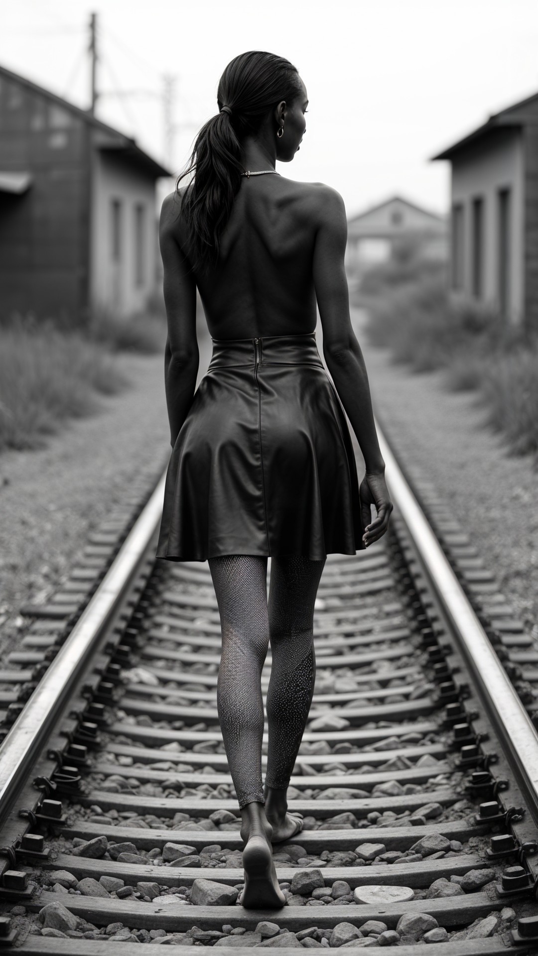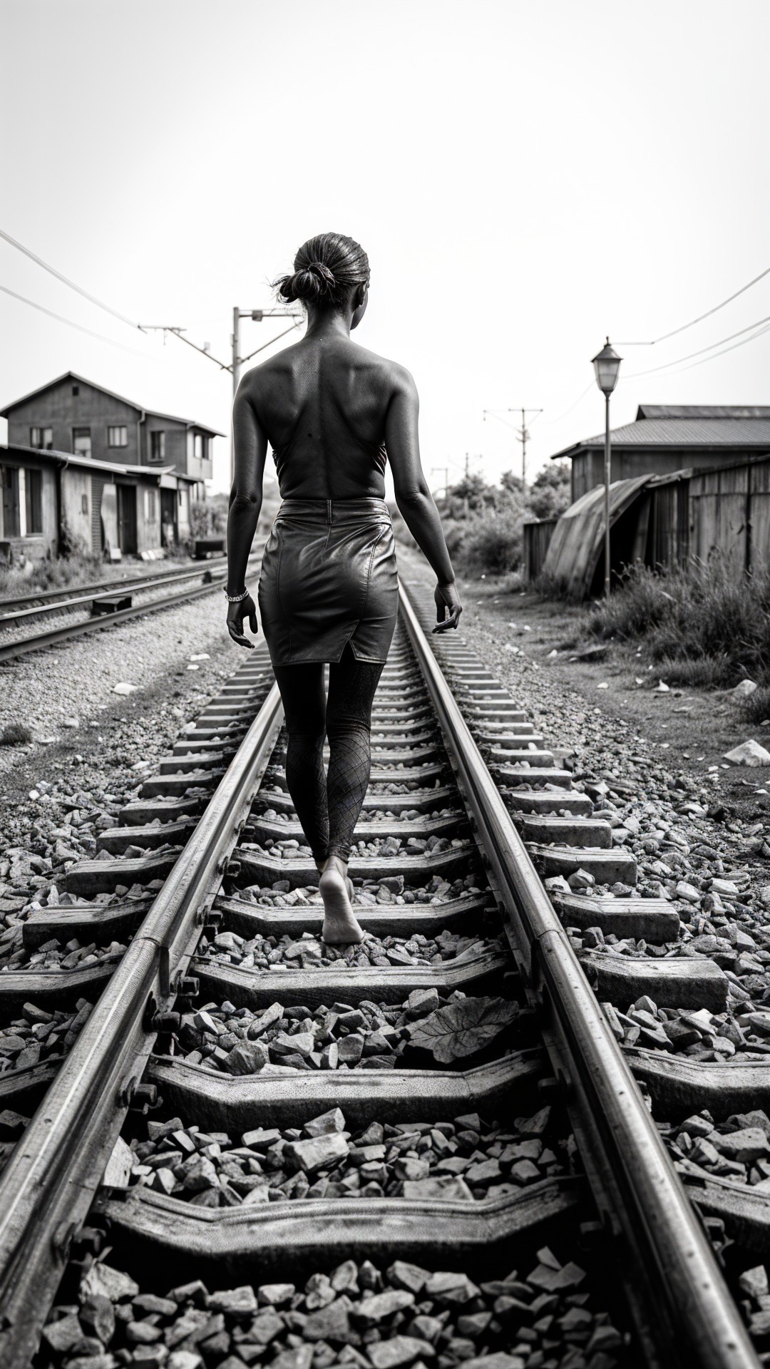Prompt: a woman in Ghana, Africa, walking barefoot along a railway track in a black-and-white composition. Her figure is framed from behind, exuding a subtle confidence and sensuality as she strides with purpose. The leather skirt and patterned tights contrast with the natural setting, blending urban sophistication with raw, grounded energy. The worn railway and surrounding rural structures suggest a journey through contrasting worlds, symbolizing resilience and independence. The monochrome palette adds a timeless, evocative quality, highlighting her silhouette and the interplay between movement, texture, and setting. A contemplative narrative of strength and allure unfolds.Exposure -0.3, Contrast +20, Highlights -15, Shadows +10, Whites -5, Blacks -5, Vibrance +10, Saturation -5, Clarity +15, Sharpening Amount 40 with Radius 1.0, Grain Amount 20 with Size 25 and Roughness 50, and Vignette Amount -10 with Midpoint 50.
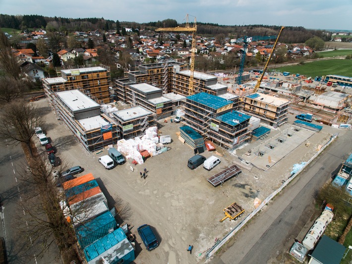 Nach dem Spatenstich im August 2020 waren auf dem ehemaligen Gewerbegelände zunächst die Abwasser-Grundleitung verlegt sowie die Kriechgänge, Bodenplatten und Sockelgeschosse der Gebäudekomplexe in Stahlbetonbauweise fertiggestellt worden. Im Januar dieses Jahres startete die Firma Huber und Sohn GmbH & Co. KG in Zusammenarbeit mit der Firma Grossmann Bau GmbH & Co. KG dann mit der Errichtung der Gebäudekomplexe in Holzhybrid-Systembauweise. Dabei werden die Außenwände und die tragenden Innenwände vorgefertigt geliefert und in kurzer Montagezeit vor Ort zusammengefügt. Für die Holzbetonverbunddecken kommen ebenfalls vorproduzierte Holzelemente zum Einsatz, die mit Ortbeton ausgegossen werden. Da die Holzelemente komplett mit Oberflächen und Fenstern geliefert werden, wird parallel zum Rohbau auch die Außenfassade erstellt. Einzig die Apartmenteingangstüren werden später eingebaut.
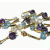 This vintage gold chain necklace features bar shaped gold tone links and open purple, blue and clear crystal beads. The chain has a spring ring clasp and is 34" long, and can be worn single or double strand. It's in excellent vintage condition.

**What the task asks**
Restate word for word each line from the one containing "Nach dem Spatenstich" through the end of the material, pictures excluded.

**Task solution**
 Nach dem Spatenstich im August 2020 waren auf dem ehemaligen Gewerbegelände zunächst die Abwasser-Grundleitung verlegt sowie die Kriechgänge, Bodenplatten und Sockelgeschosse der Gebäudekomplexe in Stahlbetonbauweise fertiggestellt worden. Im Januar dieses Jahres startete die Firma Huber und Sohn GmbH & Co. KG in Zusammenarbeit mit der Firma Grossmann Bau GmbH & Co. KG dann mit der Errichtung der Gebäudekomplexe in Holzhybrid-Systembauweise. Dabei werden die Außenwände und die tragenden Innenwände vorgefertigt geliefert und in kurzer Montagezeit vor Ort zusammengefügt. Für die Holzbetonverbunddecken kommen ebenfalls vorproduzierte Holzelemente zum Einsatz, die mit Ortbeton ausgegossen werden. Da die Holzelemente komplett mit Oberflächen und Fenstern geliefert werden, wird parallel zum Rohbau auch die Außenfassade erstellt. Einzig die Apartmenteingangstüren werden später eingebaut.
 This vintage gold chain necklace features bar shaped gold tone links and open purple, blue and clear crystal beads. The chain has a spring ring clasp and is 34" long, and can be worn single or double strand. It's in excellent vintage condition.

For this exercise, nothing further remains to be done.